PROBLEM REQUIREMENTS:
Using the data below, return word for word every line from the one holding "Women Denim Top" down to the one holding "Halloween theme favour". Leave pictures out.

(PROVIDED ENTRIES begins)

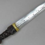 The mounts are of beaten brass consisting of a crescent shaped haunch mount which protects the underside of the grip into which the shoulders of the blade sit. The sides of the haunches are protected by brass strips of different widths corresponding to their alignment with either the cutting edge of the blade or the thicker back edge.  The flat pommel cap is decorated with concentric rings and the threaded tang of the blade is secured with a decorative cruciform shaped nut on top from which the tang terminal  protrudes for a short distance in the usual manner.
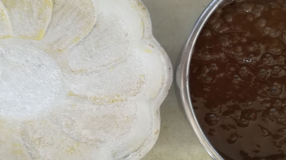 Finalmente, agregar la goma xanthan y batir hasta lograr una mezcla importante. Engrasar y enharinar un molde.
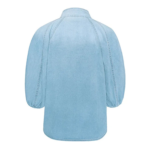 Women Denim Top Turtleneck Splice Puff Sleeve Shirts Loose Solid Pullovers Casual
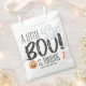 Halloween theme favour bags for October birthdays feature "A Little Boo Is Turning...." typography with a cute watercolor ghost and jack o'lantern and handwriting script accents. The grey and orange colours are perfect for a girl or boy. Art by KL Stock.
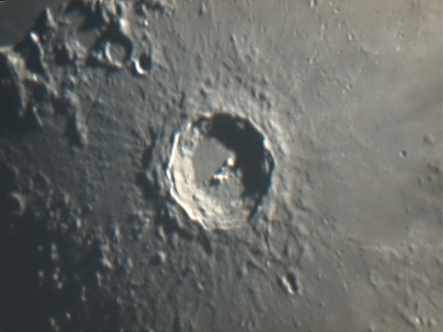| Krater Kopernicus Durchmesser ca. 93km Kraterwandhöhe 3600m Höhe der Zentralberge 1200m Aufgenommen mit dem 200mm F6 GSO Spiegelteleskop auf einer HEQ5. Es war stark windig und kalt (-5Grad und feucht). Das Seeing war geprägt von starkem Wabern und nur sehr wenigen ruhigen Augenblicken 1200 Bilder mit 5% Verwendung in Giotto gemittelt dann den Blaukanal neu berechnet und leicht nachgeschäft. |

(PROVIDED ENTRIES ends)

ANSWER AREA:
 Women Denim Top Turtleneck Splice Puff Sleeve Shirts Loose Solid Pullovers Casual
 Halloween theme favour bags for October birthdays feature "A Little Boo Is Turning...." typography with a cute watercolor ghost and jack o'lantern and handwriting script accents. The grey and orange colours are perfect for a girl or boy. Art by KL Stock.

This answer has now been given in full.